- VCD cover
- Directed by: Thriller Manju
- Written by: Kamala Sarathi (dialogue)
- Screenplay by: Thriller Manju
- Story by: Thriller Manju
- Starring: Ayesha; Jai Akash; Thriller Manju;
- Cinematography: Janardhan Babu
- Edited by: T. Govardhan
- Music by: M. N. Krupakar
- Production company: Cygnuss Entertainment
- Release date: 9 July 2010;
- Country: India
- Language: Kannada

= Jayahe =

Indian Kannada-language action drama film

Jayahe is a 2010 Indian Kannada-language action drama film directed by Thriller Manju starring Ayesha in the titular role, Jai Akash and himself with Gowri Pandit and Avinash in a supporting role.

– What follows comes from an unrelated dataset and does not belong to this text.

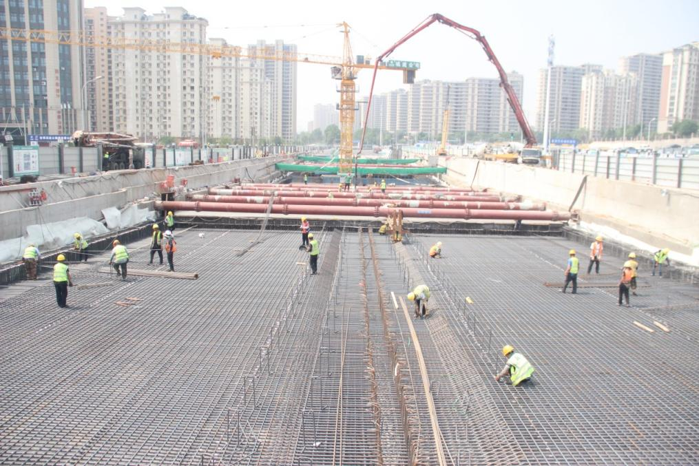 自2023年10月黑龙江地道地道围护结构施工以来,唐山路快速路工程团队科学调配资源、优化施工组织,接连攻坚完成220KV电力管廊施工、调流路完工通车、主体底板浇筑等节点工程,并于今年6月提前实现主体结构封顶。三伏高温天气恰逢地道建设攻坚阶段,项目在做好防暑降温、安全生产管理的同时,集中力量进行饱和式投入。施工高峰期,现场作业人员超过300名,累计投入挖掘机、吊车、运输车、摊铺机、压路机等机械设备超过120台,确保项目高质量、按期推进。

The film was released to mixed reviews, but was a box office success.

==Plot==
Jaya goes to Bangkok in search of her missing father Sushilkumar, who is a software engineer. Since the kidnappers are marital artists, she wants to learn techniques to fight them and goes to Dhrona to learn them.

==Production==
Tirupati-based Ayesha (dubbed as Lady Bruce Lee) has a black belt in karate and trained under her father Habib since she was one-year-old. Thriller Manju and Ayesha previously worked together for Shabda (2002), but this film marks her lead debut. The film was extensively shot in Coorg. There are approximately eight fights in the movie that each less than one-and-a-half minute long. She performed all of her stunts without a stunt double.

==Soundtrack==

The soundtrack was composed by M. N. Krupakar with lyrics by Thriller Manju.

Track listing
| No. | Title | Singer(s) | Length |
|---|---|---|---|
| 1. | "Hechchu Kammi" | Sneha | 4:49 |
| 2. | "Anuragada" | Sagar, Priya Yadav | 4:33 |
| 3. | "Bandalu Nagini" | Krishnavaedhan Kulkarni | 3:44 |
| 4. | "Cheluve" | Krupakar, Priyadarshini | 5:13 |
| 5. | "Anuragada" (Pathos) | Sudhindra | 4:52 |
| 6. | "Roshavesha" | Krupakar | 3:44 |
| Total length: |  |  | 26:55 |

==Release and reception==
The film was a box office success and the film was subsequently dubbed in other languages.

A critic from IANS rated the film 1/5 stars and wrote, "Jayahe is a badly made film. Watch it at your own risk". A critic from The New Indian Express wrote, "The movie is worth watching if you are interested in action scenes".